In his post-presidential years, Tyler opposed limitations on the expansion of slavery and after the 1860 election of Abraham Lincoln wrote, “The day of doom for the great model republic is at hand.” As southern states began to secede, Tyler in early 1861 chaired an unsuccessful peace conference in a last-ditch attempt to preserve the Union. Once the Civil War began, however, Tyler voted for Virginia to leave the nation over which he once presided. He led the committee negotiating the terms of Virginia’s admission into the Confederacy and won election to the Confederate House of Representatives. He died, however, on January 18, 1862, before taking his seat.
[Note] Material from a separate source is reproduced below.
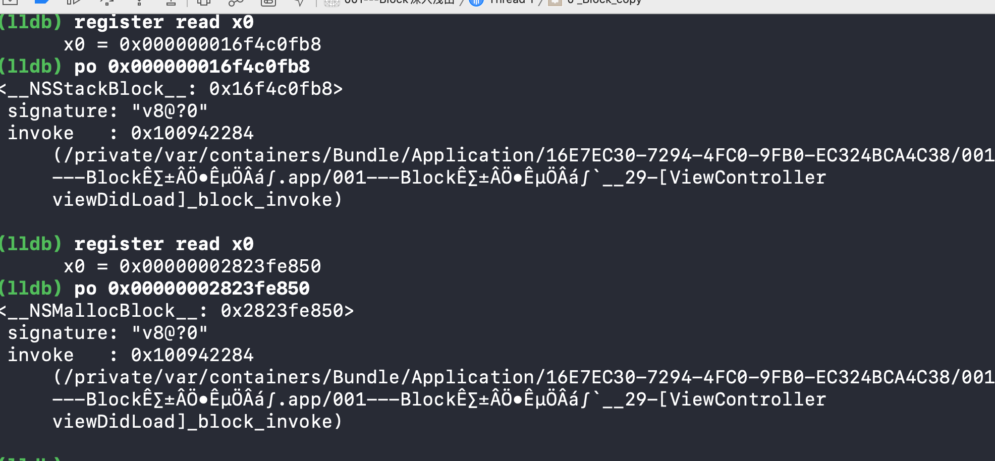 在block处设置一个断点,进入汇编,objc_retainBlock、我们在此时读一下寄存器,继续跳转会进入,_Block_copy,在_Block_copy的return处读一下寄存器。结果如下图所示:

A Confederate flag draped Tyler’s coffin as it was brought for burial to a Richmond, Virginia, cemetery. While bells tolled and flags were lowered to half-staff in the Confederate capital, silence greeted the news of Tyler’s death in the country he betrayed. Lincoln did not issue the customary official proclamation to observe Tyler’s passing, while the New York Times obituary noted that he had left the presidency as “the most unpopular public man that had ever held any office in the United States.”
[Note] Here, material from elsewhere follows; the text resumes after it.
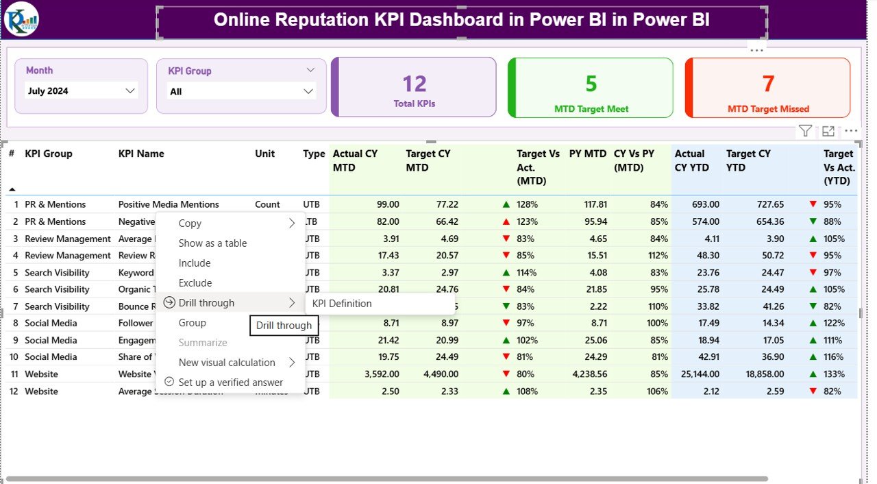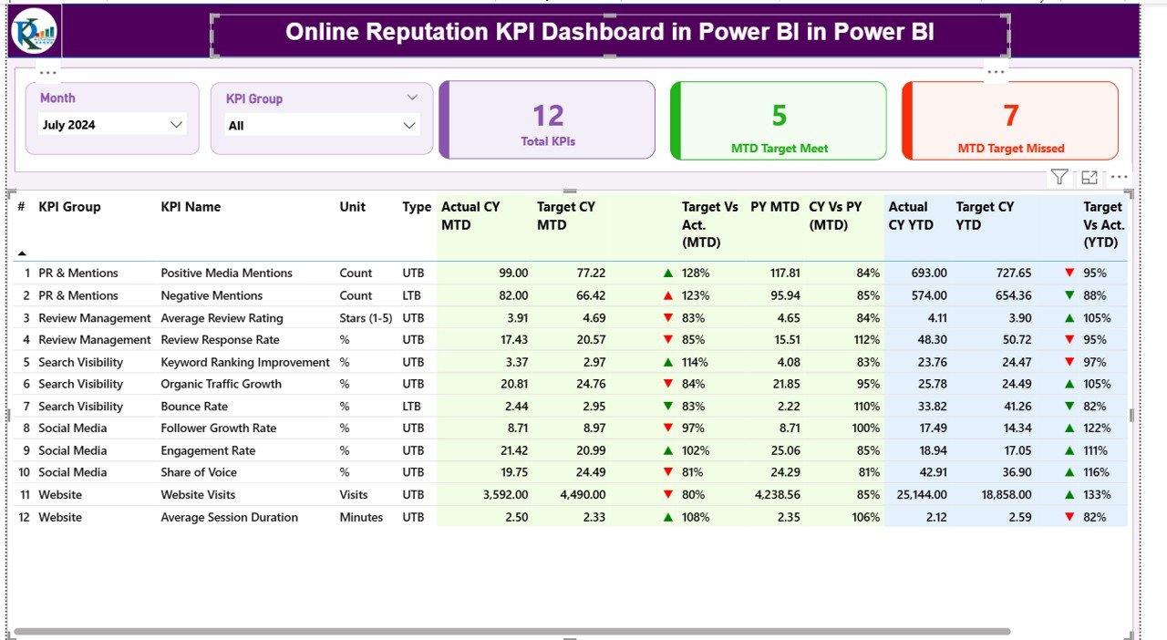 📦 What’s Inside the Online Reputation KPI Dashboard in Power BI

Some of Tyler’s successors didn’t think very highly of him either. Harry Truman called him “one of the presidents we could have done without.” “He has been called a mediocre man; but this is unwarranted flattery,” said Theodore Roosevelt. “He was a politician of monumental littleness.”
Tyler hasn’t rated highly in the eyes of historians, either. He was ranked in the bottom five presidents in C-SPAN’s 2017 Presidential Historians Survey, along with Warren Harding, Franklin Pierce, Andrew Johnson and James Buchanan. What may have saved Tyler from the ranking’s bottom spot were his foreign policy achievements, including the signing of the Webster-Ashburton Treaty that formalized the U.S.-Canada border, negotiation of the first U.S.-China treaty, and securing congressional approval of the admission of Texas to the Union.
His most enduring mark on the presidency, however, was the “Tyler Precedent” that the vice president automatically assumes the office of the presidency after the death of a president. Seven subsequent vice presidents assumed the presidency following the demises of their predecessors until presidential succession was finally codified in the 25th Amendment, which was ratified in 1967.